- [WHAT YOU SHOULD DO]
Using the data below, restate exactly every line from the one with "いつも出勤する時地下道通ってるんだけど、水没してて行けなかった😳遠回りきちぃ" up to and including the one with "in the picture.". No picture belongs in it.

<<<<

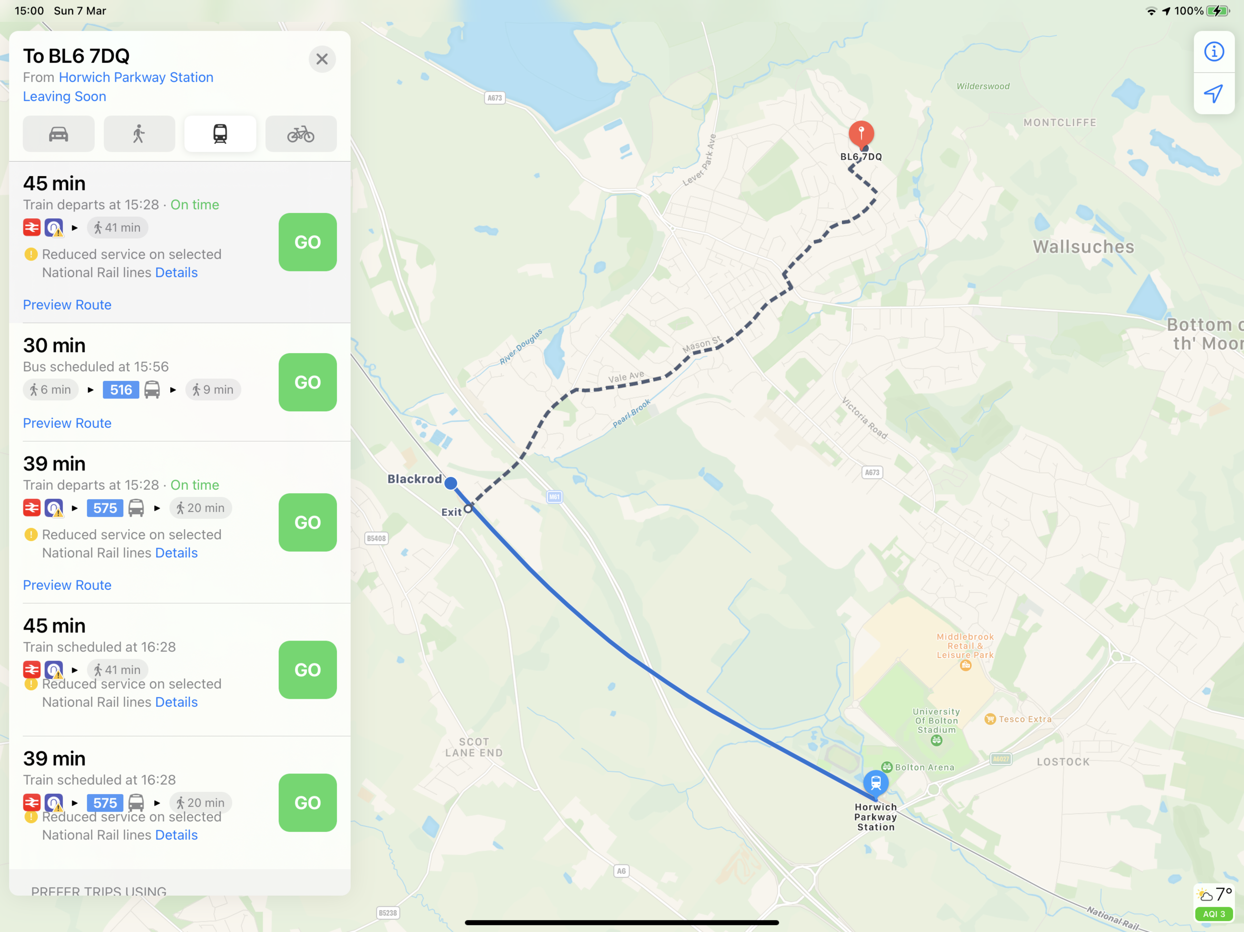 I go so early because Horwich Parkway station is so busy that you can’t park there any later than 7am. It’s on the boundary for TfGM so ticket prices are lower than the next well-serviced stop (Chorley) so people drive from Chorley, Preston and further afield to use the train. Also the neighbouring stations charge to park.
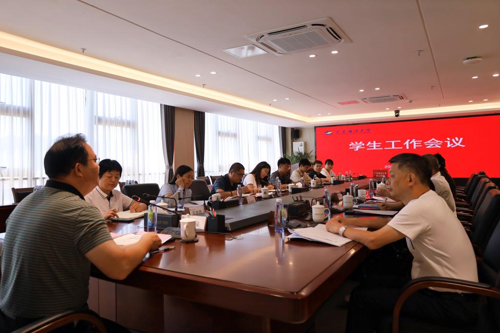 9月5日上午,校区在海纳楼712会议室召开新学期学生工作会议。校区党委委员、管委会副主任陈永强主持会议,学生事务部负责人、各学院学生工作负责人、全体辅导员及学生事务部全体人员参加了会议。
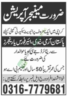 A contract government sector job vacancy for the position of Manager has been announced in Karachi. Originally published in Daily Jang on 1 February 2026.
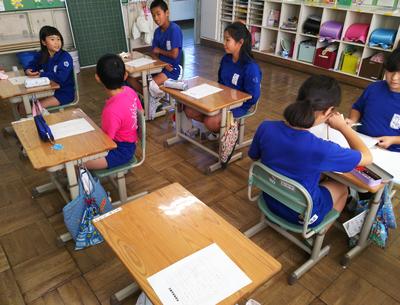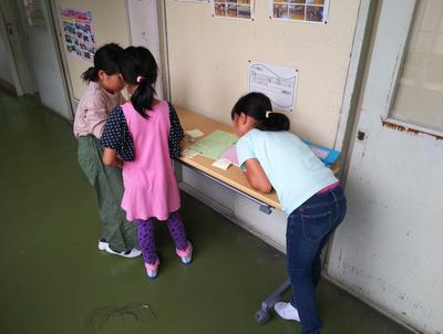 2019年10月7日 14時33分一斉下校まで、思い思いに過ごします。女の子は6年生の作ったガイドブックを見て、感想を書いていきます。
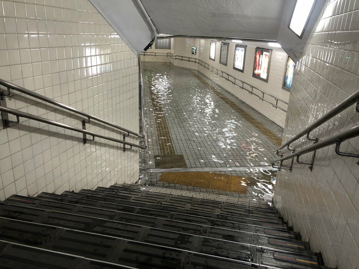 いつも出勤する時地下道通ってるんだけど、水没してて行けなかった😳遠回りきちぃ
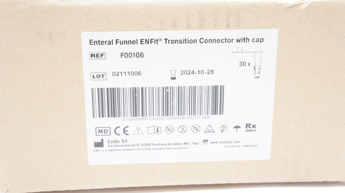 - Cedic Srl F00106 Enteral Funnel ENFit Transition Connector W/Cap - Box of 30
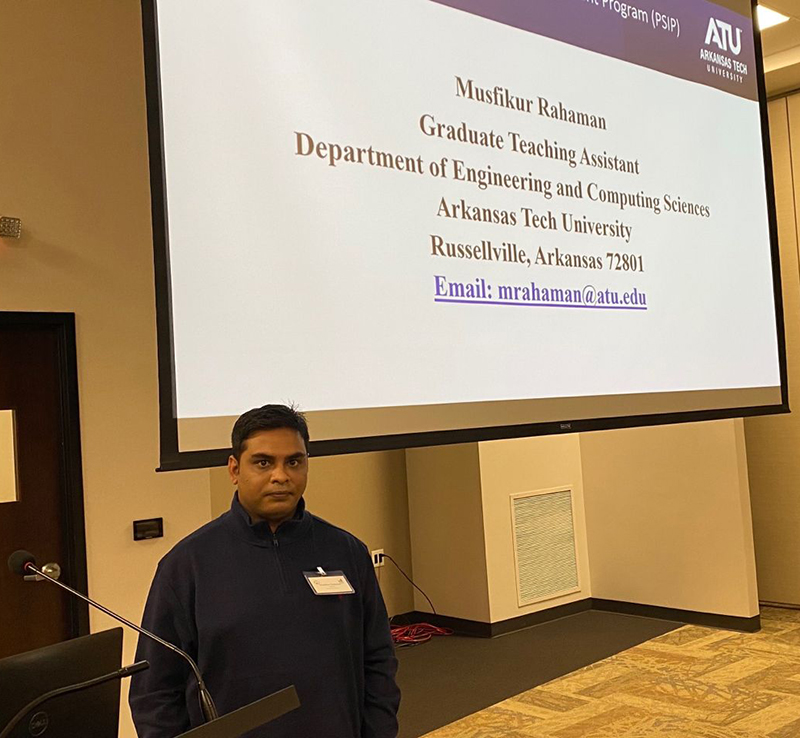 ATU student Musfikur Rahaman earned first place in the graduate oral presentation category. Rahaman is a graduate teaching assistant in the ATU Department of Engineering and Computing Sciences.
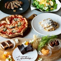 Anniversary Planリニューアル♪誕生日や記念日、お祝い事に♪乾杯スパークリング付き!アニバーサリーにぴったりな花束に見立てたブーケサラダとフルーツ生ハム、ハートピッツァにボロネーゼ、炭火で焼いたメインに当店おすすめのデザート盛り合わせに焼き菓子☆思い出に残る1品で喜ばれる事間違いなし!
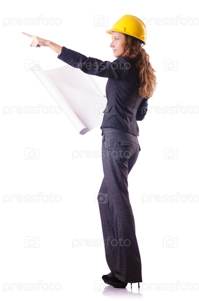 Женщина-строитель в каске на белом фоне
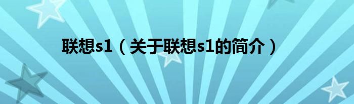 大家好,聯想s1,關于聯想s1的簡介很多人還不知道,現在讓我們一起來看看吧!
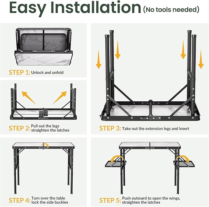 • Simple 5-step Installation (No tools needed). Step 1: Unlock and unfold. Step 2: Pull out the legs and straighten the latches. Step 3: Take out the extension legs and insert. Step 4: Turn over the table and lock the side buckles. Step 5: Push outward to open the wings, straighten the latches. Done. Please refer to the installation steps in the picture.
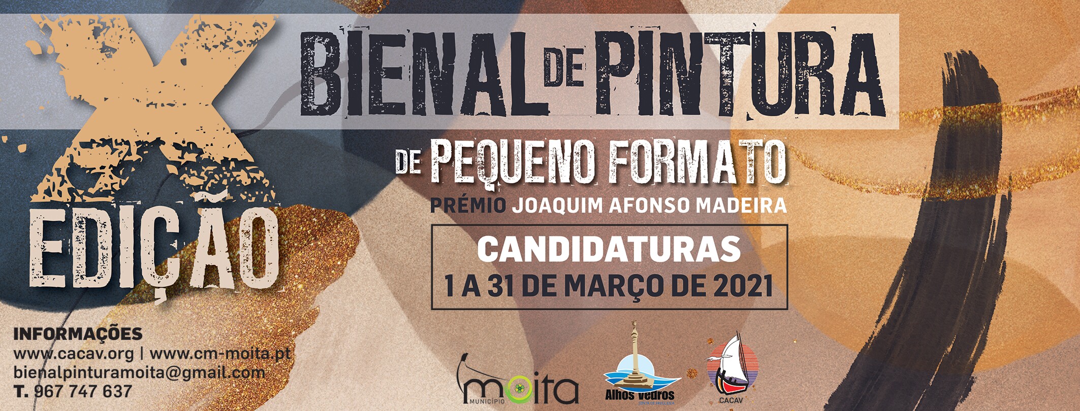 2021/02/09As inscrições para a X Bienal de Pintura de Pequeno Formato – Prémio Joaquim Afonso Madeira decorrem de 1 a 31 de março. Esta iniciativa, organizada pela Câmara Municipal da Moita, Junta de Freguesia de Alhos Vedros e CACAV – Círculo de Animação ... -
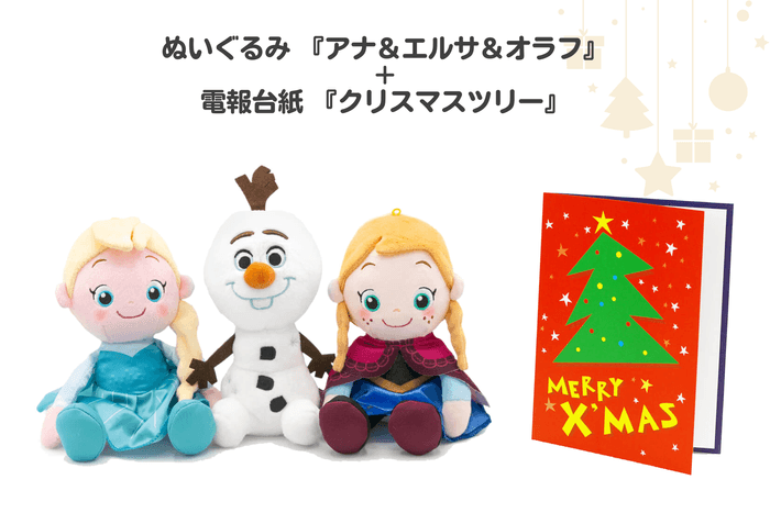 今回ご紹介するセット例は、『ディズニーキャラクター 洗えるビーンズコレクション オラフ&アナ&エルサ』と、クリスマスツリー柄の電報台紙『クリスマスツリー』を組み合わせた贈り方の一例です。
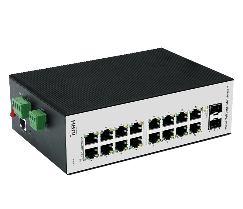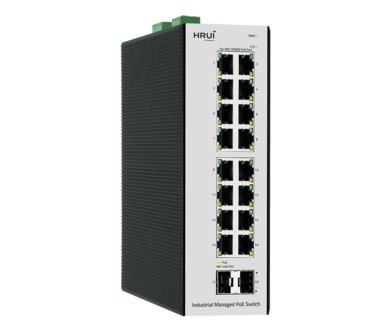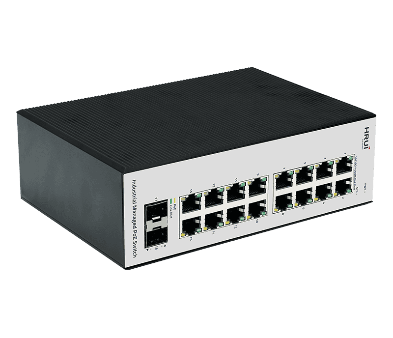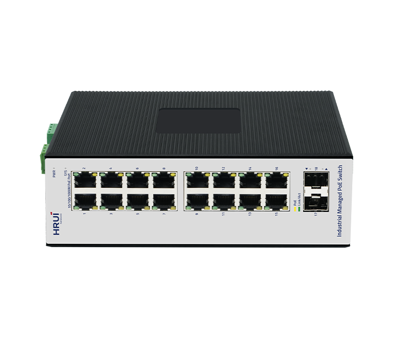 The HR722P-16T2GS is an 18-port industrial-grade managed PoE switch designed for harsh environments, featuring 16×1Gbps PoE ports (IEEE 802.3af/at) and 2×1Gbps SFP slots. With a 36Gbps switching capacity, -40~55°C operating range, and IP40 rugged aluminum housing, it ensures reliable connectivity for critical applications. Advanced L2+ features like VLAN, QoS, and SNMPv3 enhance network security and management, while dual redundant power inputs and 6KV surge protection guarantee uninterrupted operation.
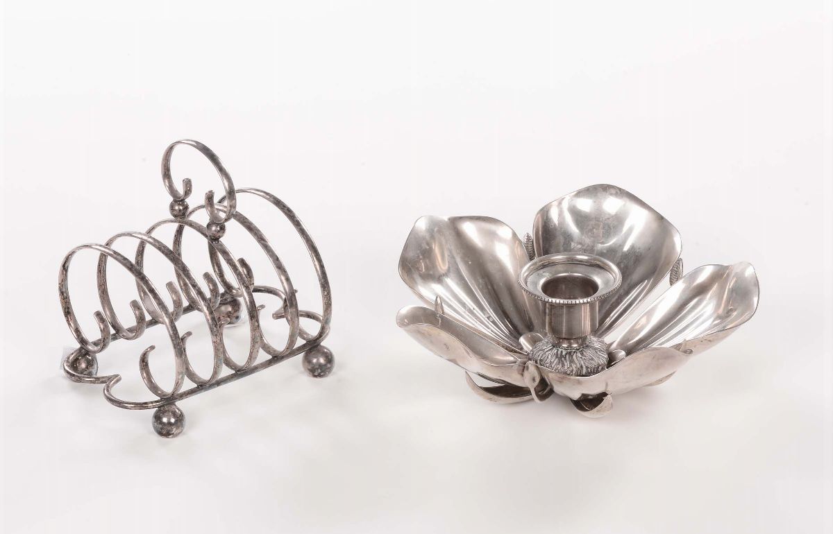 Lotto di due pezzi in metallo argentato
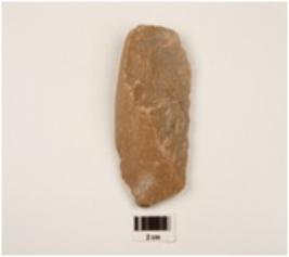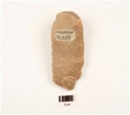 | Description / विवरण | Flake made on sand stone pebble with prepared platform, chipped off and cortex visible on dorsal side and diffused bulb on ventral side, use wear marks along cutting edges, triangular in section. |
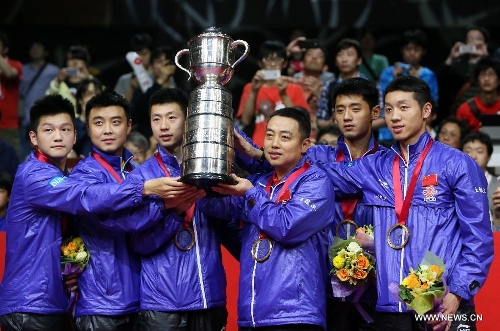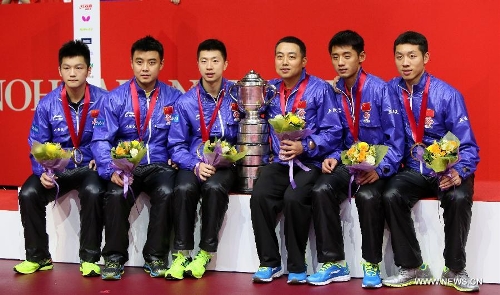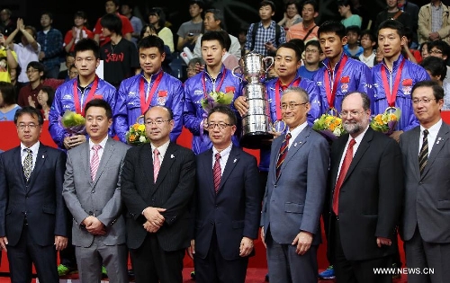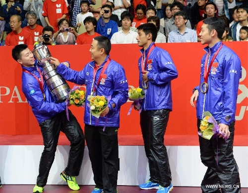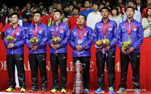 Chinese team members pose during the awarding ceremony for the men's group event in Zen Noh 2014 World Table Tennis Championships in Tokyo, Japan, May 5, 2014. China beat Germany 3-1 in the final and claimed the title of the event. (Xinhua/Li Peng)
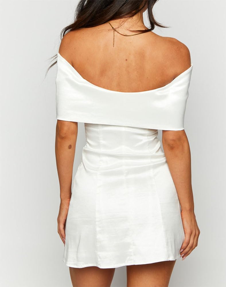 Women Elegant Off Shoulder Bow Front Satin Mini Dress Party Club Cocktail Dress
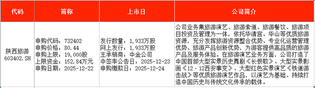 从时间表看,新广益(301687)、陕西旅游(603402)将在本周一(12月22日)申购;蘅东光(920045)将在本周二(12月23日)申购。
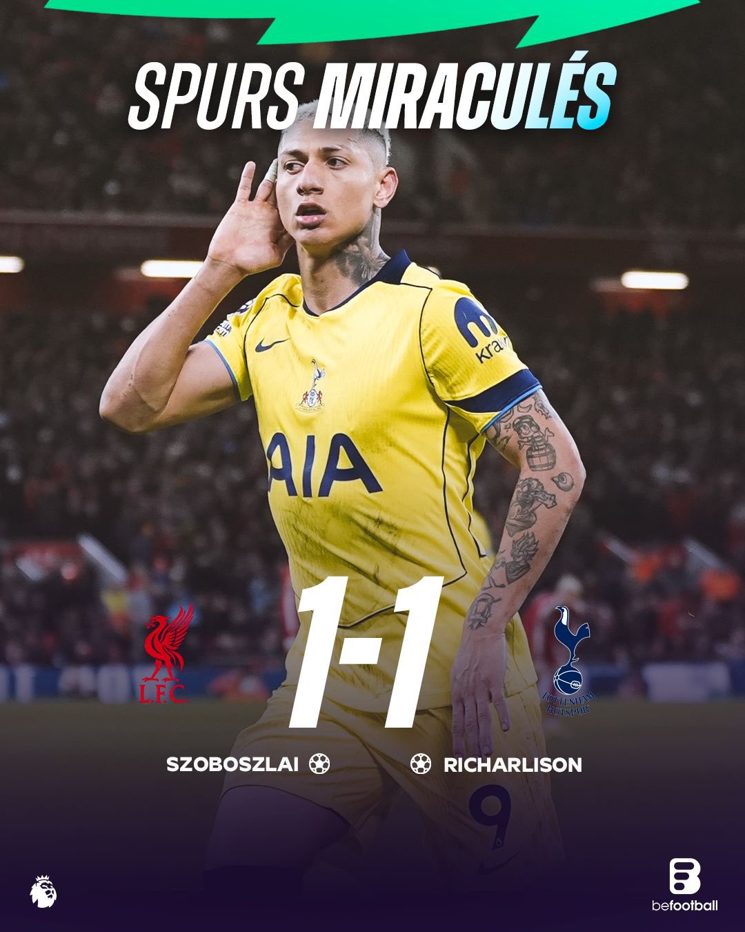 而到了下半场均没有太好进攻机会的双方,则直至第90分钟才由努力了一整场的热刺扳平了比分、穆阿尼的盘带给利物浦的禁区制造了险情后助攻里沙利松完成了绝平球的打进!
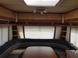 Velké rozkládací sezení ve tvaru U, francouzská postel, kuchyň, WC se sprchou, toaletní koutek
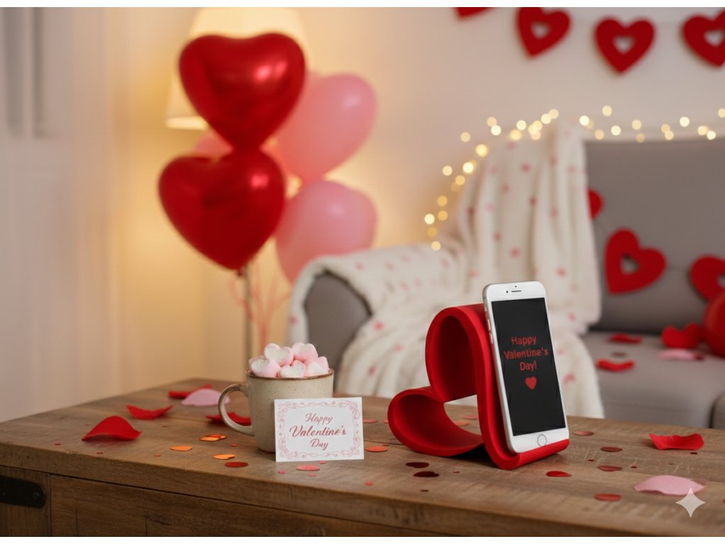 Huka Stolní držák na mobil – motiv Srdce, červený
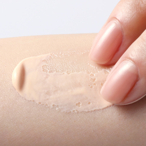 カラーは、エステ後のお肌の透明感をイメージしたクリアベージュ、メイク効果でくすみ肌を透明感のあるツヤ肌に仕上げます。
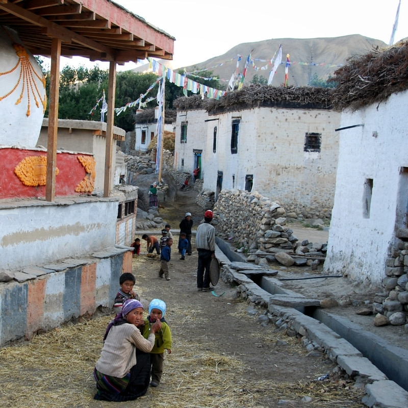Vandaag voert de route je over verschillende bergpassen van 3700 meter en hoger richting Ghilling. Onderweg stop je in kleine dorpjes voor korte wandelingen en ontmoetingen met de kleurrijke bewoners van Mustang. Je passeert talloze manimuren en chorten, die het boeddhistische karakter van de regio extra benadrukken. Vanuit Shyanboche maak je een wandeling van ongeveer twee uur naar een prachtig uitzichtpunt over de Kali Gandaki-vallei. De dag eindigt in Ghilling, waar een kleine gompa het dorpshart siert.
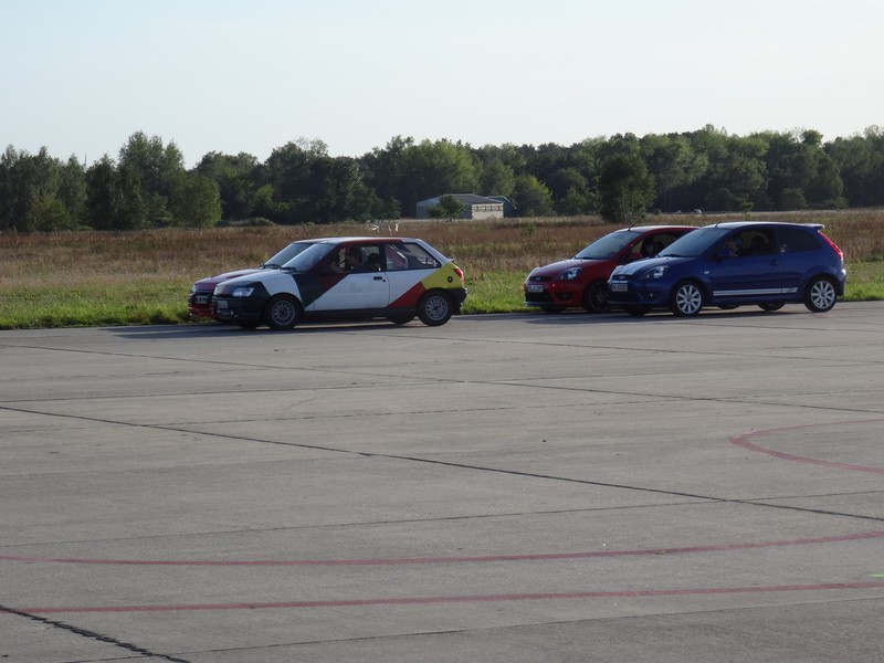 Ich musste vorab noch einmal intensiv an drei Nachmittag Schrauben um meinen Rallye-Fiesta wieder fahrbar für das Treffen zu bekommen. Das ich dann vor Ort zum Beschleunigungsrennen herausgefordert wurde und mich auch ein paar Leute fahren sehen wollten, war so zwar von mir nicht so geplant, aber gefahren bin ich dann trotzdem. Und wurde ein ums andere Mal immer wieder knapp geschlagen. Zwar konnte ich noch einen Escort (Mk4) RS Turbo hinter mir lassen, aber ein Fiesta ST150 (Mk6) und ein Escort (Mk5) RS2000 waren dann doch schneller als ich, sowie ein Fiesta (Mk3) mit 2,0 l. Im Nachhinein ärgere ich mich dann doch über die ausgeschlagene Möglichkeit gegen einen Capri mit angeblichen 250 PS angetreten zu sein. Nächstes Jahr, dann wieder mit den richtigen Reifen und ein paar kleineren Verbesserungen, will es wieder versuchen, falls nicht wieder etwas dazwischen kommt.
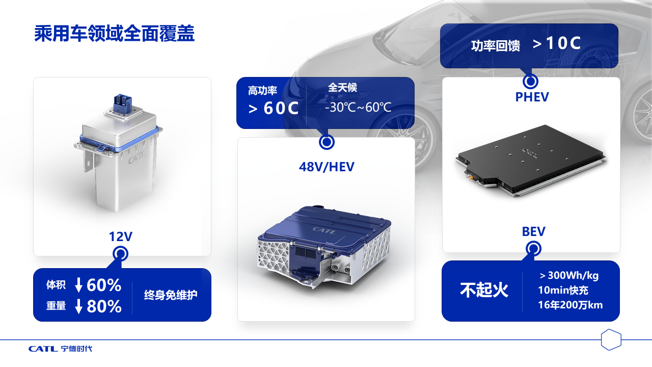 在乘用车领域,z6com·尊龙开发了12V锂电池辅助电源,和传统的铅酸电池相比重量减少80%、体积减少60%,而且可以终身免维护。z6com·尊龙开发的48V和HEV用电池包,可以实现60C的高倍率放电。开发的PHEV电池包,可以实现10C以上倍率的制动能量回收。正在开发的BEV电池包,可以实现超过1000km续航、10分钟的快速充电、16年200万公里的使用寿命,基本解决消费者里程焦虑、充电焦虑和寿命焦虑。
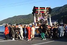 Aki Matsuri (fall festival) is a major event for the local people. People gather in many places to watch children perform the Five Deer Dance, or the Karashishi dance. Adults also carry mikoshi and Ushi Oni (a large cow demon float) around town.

>>>>

- [SOLUTION BELOW]
 いつも出勤する時地下道通ってるんだけど、水没してて行けなかった😳遠回りきちぃ
 - Cedic Srl F00106 Enteral Funnel ENFit Transition Connector W/Cap - Box of 30
 ATU student Musfikur Rahaman earned first place in the graduate oral presentation category. Rahaman is a graduate teaching assistant in the ATU Department of Engineering and Computing Sciences.
 Anniversary Planリニューアル♪誕生日や記念日、お祝い事に♪乾杯スパークリング付き!アニバーサリーにぴったりな花束に見立てたブーケサラダとフルーツ生ハム、ハートピッツァにボロネーゼ、炭火で焼いたメインに当店おすすめのデザート盛り合わせに焼き菓子☆思い出に残る1品で喜ばれる事間違いなし!
 Женщина-строитель в каске на белом фоне
 大家好,聯想s1,關于聯想s1的簡介很多人還不知道,現在讓我們一起來看看吧!
 • Simple 5-step Installation (No tools needed). Step 1: Unlock and unfold. Step 2: Pull out the legs and straighten the latches. Step 3: Take out the extension legs and insert. Step 4: Turn over the table and lock the side buckles. Step 5: Push outward to open the wings, straighten the latches. Done. Please refer to the installation steps in the picture.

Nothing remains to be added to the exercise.